SIMPLEX. Simple or single; as, charta simplex, is a deed-poll, of
single deed. Jacob's L. Dict. h. t.
SIMPLICITER. Simply, without ceremony; in a summary manner.
SIMUL CUM, pleading. Together with. These words are used in
indictments and declarations of trespass against several persons, when some of
them are known and others are unknown.
2. In cases of riots it is usual to charge that A B, together with others
unknown, did the act complained of. 2 Chit. Cr. Law, 488; 2 Salk. R. 593.
3. When a party sued with another pleads separately, the plea is generally
entitled in the name of the person pleading, adding "sued with___," naming the
other party. When this occurred, it was, in the old phraseology, called pleading
with a simul cum.
SIMULATION, French law. This word is derived from the Latin simul,
together. It indicates, agreeably to its etymology, the concert or agreement of
two or more persons to give to one thing the appearance of another, for the
purpose of fraud. Merl. Repert. h. t.
2. With us such act might be punished by indictment for a conspiracy; by
avoiding the pretended contract; or by action to recover back the money or
property which may have been thus fraudulently obtained.
SINE DIE. Without day. A judgment for a defendant in many cases is
quod eat sine die, that he may go without day. While the cause is pending and
undeter-mined, it may be continued from term to term by dies datus. (q. v.) See
Huxley's Judgments & Rastal's Entries, passim; Co. Litt. 362b & 363a.
When the court or other body rise at the end of a session or term they adjourn
sine die.
SINECURE. In the ecclesiastical law, this term is used to signify that
an ecclesiastical officer is without a charge or cure.
2. In common parlance it means the receipt of a salary for an office when
there are no duties to be performed.
SINGLE. By itself, unconnected.
2. A single bill is one without any condition, and does not depend upon any
future event to give it validity. Single is also applied to an unmarried person;
as, A B, single woman. Vide Simplex.
SINGLE ENTRY. A term used among merchants signifying that the entry is
made to charge or to credit an individual or thing, without, at the same time,
pre-senting any other part of the operation; it is used in contradistinction to
double entry. (q. v.) For example, a single entry is made, A B debtor, or A B
creditor, without designating what are the connexions between the entry and the
objects which composed the fortune of the merchant.
SINGULAR, construction. In grammar the singular is used to express
only one,
not plural. Johnson.
2. In law, the singular frequently includes the plural.
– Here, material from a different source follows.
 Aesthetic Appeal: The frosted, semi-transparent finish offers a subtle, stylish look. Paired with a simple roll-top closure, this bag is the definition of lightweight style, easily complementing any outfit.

A bequest to "my
nearest relation," for example, will be considered as a bequest to all the
relations in the same degree, who are nearest to the testator. 1 Ves. sen. 337;
1 Bro. C. C. 293. A bequest made to "my heir," by a person who had three heirs,
will be construed in the plural. 4 Russ. C. C. 384.
3. The same rule obtains in the civil law: In usu juris frequenter uti nos
singulari appellationie, am plura significari vellemus. Dig. 50, l6, 158.
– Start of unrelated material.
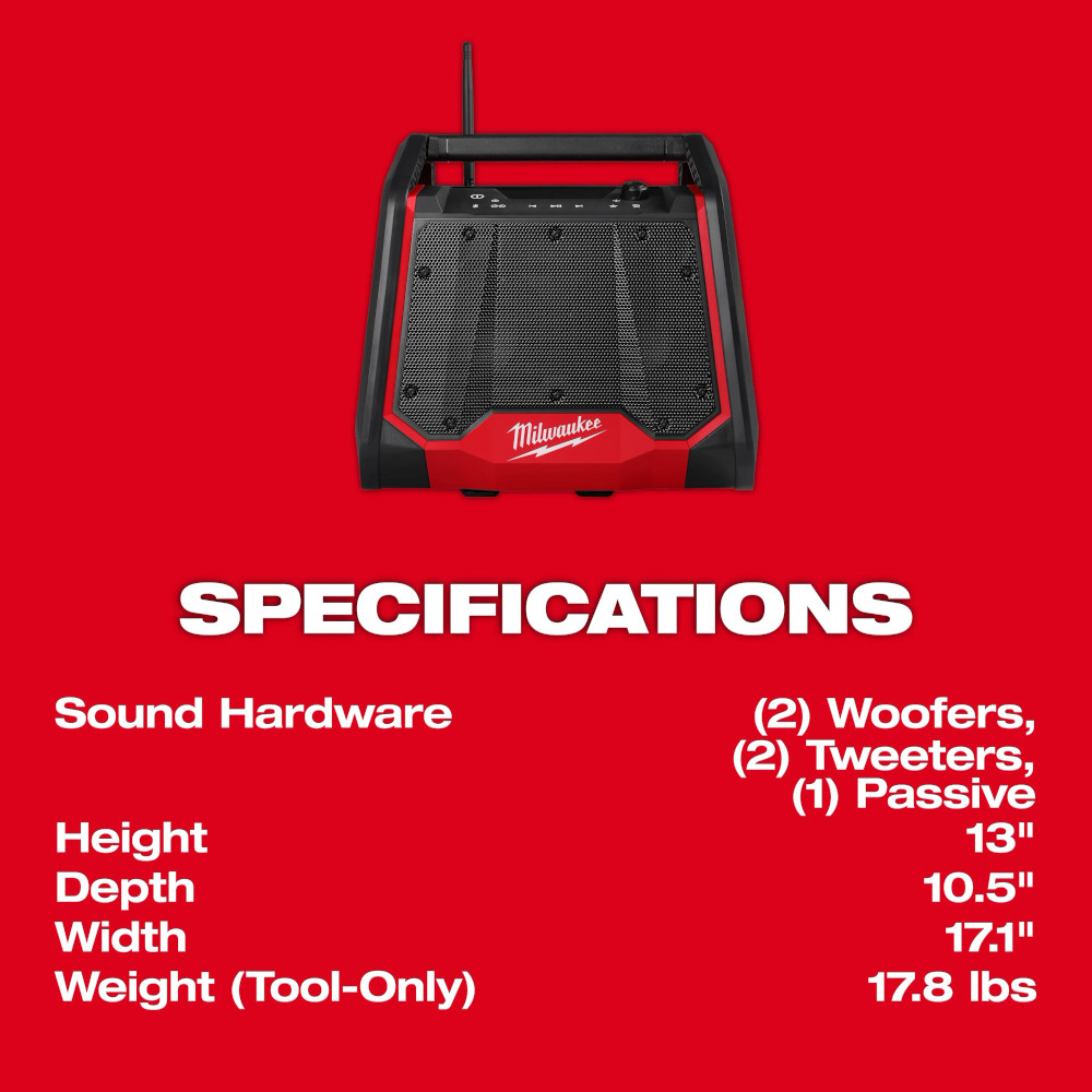 The M18™ Bluetooth® Jobsite Radio + Charger delivers POWERFUL, DYNAMIC SOUND. Featuring (2) 4.48” woofers and (2) 1.21″ high-frequency tweeters, this radio is built to deliver optimized sound for large spaces. Bluetooth® 5.3 provides up to 200 feet of range to keep you connected throughout the job site. AUDIO-LINK technology allows you to wirelessly connect and play music across multiple compatible Milwaukee® devices (over 200+), creating a larger sound experience. Powered by an M18™ REDLITHIUM™ XC5.0 Battery, this radio provides up to 8 hours of runtime at 100% volume. With built-in equalizer settings, you can customize your own preferred sound experience. This M18™ Bluetooth® Jobsite Radio + Charger also features built-in M18™ battery charging and USB-C charging for personal devices. Engineered for the job site, this radio is fully compatible with the PACKOUT™ Modular Storage System and is built to handle tough conditions with impact, dust, and water resistance.

SINKING FUND. A fund arising from particular taxes, imposts, or
duties, which is appropriated towards the payment of the interest due on a
public loan and for the gradual payment of the principal. See Funding System.
SIRE. A title of honor given to kings or emperors in speaking or
writing to them.
SISTER. A woman who has the same father and mother with another, or
has one of them only. In the first case she is called sister, simply; in the
second, half sister. Vide Brother; Children; Descent; Father; Mother.
SITUS. Situation;, location. 5 Pet. R. 524.
2. Real estate has always a fixed situs, while personal estate has no such
fixed situs; the law rei site regulates real but not the personal estate. Story,
Confl. of Laws, §379.
SKELETON BILL, com. law. A blank paper, properly stamped, in those
countries where stamps are required, with the name of a person signed at the
bottom.
2. In such case the person signing the paper will be held as the drawer or
acceptor, as it may be, of any bill which shall afterwards be written above his
name to the sum of which the stamp is applicable. 1 Bell's Com. 390, 5th ed.